The Studying in Study Abroad

Studying abroad for a semester is similar to freshman year, with orientation, making new friends, establishing a new routine, and adjusting to a new way of learning. Academics is one of the reasons I decided to go to Stockholm specifically, because DIS offered me classes for both of my majors that I could not get back home at Wofford.

The DIS Way

One of the first things you realize about DIS is that they take academics VERY seriously. The attendance policy is very strict and the students are expected to be on top of their schoolwork. The class sizes are similar to Wofford, my biggest class only has 20 students. The professors are also very friendly and try to get to know their students, similar to many professors back home! Fun fact: in Sweden, you call your professors by their first name in school!

Something unique about DIS is that the program includes two travel trips with your core class to another city and country. For my core course, Forensic Psychology, we went to the city of Gothenburg for three days on our short study tour to visit institutions that worked with recidivism and crime in Sweden. For our long study tour, we went to Edinburgh, Scotland for six days to go to organizations that work with the justice system and rehabilitating victims. We had the opportunity to hear a chief detective from the Edinburgh police share one of his tough murder cases and made us think of how to solve it. My favorite organization we visited focused on changing attitudes about the criminal justice system and opening new options for rehabilitation beyond imprisonment. This hands on way of learning as a class gives us first hand experience from police officers and workers in many different organizations.
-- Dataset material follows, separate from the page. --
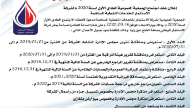 تعتبر الجمعية العمومية للشركة مدعوة للانعقاد يوم الأربعاء الموافق 31/3/2021م . ، على تمام الساعة الثانية عشر بعد الظهر بمقر الشركة الرئيسي الكائن بطرابلس قرقارش.

Me with some girls from my Core Course exploring the botanical gardens in Gothenburg!
My core course in front of the Edinburgh Police Station!

Academics

As a Psychology and Anthropology/Sociology major, I am able to take classes that fulfills credits for both my majors in Stockholm! Forensic Psych is not offered at Wofford, so I was excited to get a chance to take this class in general, and it also counts as an elective towards my Psych major. Swedish Politics and Glued to the Screen are counted as sociology credits. I also had room to take two classes for fun that only count as hours towards graduation, so I picked Psych of Loneliness, which is a very interesting class, and the Vikings since I’m in Scandinavia! DIS offers classes in many topics, so it was fun to pick classes outside my major as well.

My schedule at DIS!

Classes at DIS only happen on Monday, Tuesday, Thursday, and Friday. Wednesdays are free, because each class has two field studies that happen on random Wednesdays throughout the semester. On these field studies, we go to museums, schools, or programs that are related to what we are learning in class. If a class doesn’t have a field study, then it is just a free day to explore or catch up on homework! It has been nice having class only four days a week, and it will be an adjustment to go back to having classes five days a week back home.

The Work Load

Coming from Wofford, I was used to studying and reading a lot to prepare for classes, and at DIS, reading also makes up most of my schoolwork. One big change is that all my classes require reading and class participation, and at Wofford, I only had a few classes like that. It was hard at first to juggle all the readings for all my different classes, but I think I am on top of things this far into the semester!